The next chapter will examine different frameworks for understanding model quality and sociotechnical systems, beginning with long-studied topics of fairness, equality, and justice.

1.5.1. Context: who is judging the quality?

Another thing to consider is the context under which the decisions occur. Are there legal implications to the decisions? There are precise notions of fairness in law (e.g. disparate impact) that may differ from public opinion. The consequences of running afoul of these notions will also be quite different: breaking the law may lead to prosecution, whereas releasing an unfair algorithm in the eyes of the public may lead to a boycott of your product.

1.6. The machine learning pipeline

The second half of the course focuses on ways in which bias and unfairness manifests itself in a decision making system: how it propogates it, creates it, and possibly amplifies it.
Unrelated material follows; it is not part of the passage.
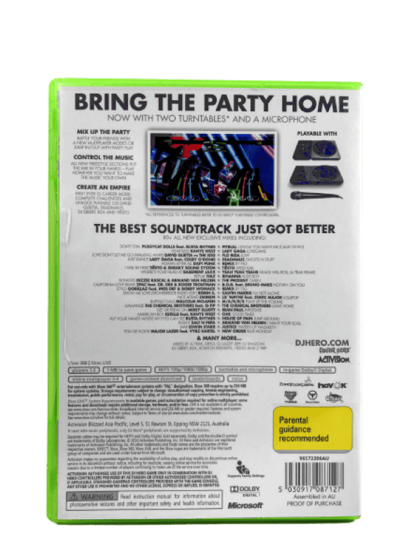 DJ Hero 2 (XBox 360) *TURNTABLE + GAME – COMPLETE BUNDLE* for XBox 360. This preowned genuine DJ Hero XBox 360 Turntable + Game Bundle is in good condition and perfect working order. Includes DJ Hero 2 complete with manual. Turntable tidy with only superficial markings and cosmetic imperfections. The small plastic battery hatch off the back is missing, but the batteries stay in place without it, and can be taped securely also. Game disc has a faint ring scratch, but this is purely cosmetic and does not affect gameplay in any way. A complete playing bundle.

A simplified schematic of a data-driven algorithmic decision making pipeline looks like this:

pipeline

Bias and unfairness can influence this pipeline at any step, as it’s informed by data measured by humans and designed by human developers, each of which is influenced by its own biases.

At the data step:

  • Does the data represent the correct population?

  • Does the data capture existing biases and power structures?

  • Do measurements in the data capture what’s needed to make decision?

Moving from the data step to model step:

  • Does the data cleaning introduce bias?

  • Are missing values and imputation affecting the data?

  • Is data being aggregated in ways that erases needed information for subpopulations? (E.g. Simpson’s Paradox).

At the model step:

  • Does the label capture true outcomes or biased proxies?

  • Is the loss function reflect what you are trying to optimize?

  • When choosing bias over variance, does that bias affect certain subpopulations over others?

Moving from the model step to decision step:

  • Does the calibration of the model output treat individuals fairly?

  • Do certain model outcomes (e.g. false positives/negatives) affect the decisions differently?

At the decision step:

  • Is the decision itself ethical and fair? What if the decision is wrong?

  • Are the decisions being interpreted and used correctly?

  • Can those affected by the decisions ‘contest’ the decision in some way?

Moving from the decision step to the data step:

  • How do decisions affect later models? Are certain groups more likely to experience poor decisions in later models?

  • If the decisions only capture partial ground truth, is this introducing bias in future labels?